The Platonic Representation Hypothesis (PRH) reports a fact: independently trained neural networks converge on geometrically similar internal representations. Its authors interpret this as evidence that learning systems approximate a pre-existing, mind-independent abstract structure. The paper rebuts that interpretation on two interlocking levels.
Level one (parsimony). Platonic ontology is explanatorily redundant — convergent-attractor theory under shared physical constraints already provides a complete account of the convergence phenomenon, without postulating any independent abstract realm.

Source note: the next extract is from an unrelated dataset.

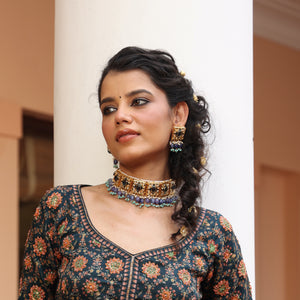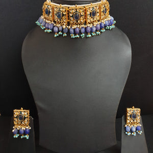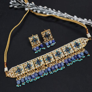 Blue Stone Kundan Meenakari Choker Necklace With Earrings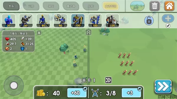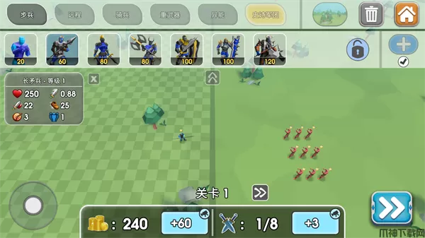 (2)盾兵Shield 我个人很喜欢,满级以后防御最高,而且速度也不掉,适合面对敌方远程多时,放最前面挡远程。

Level two (explanatory reduction). The paper explains why the Platonic reading remains so compelling — the extreme robustness of certain attractors (which is unavoidable in any sufficiently expressive optimisation process) generates a phenomenology of necessity and mind-independence, naturally — but mistakenly — inviting the inference to ontological independence. Robustness is mistaken for ontological independence; the impulse to posit an independent realm is the natural but unnecessary response to attractors that cannot be escaped.
The paper proposes the Reversed Platonic Representation Hypothesis (RPRH): convergent representations are emergent fixed points of optimisation processes under shared constraints, not ontologically prior structures being approximated; the intuition that they must independently exist is itself a structurally predictable cognitive consequence of their robustness.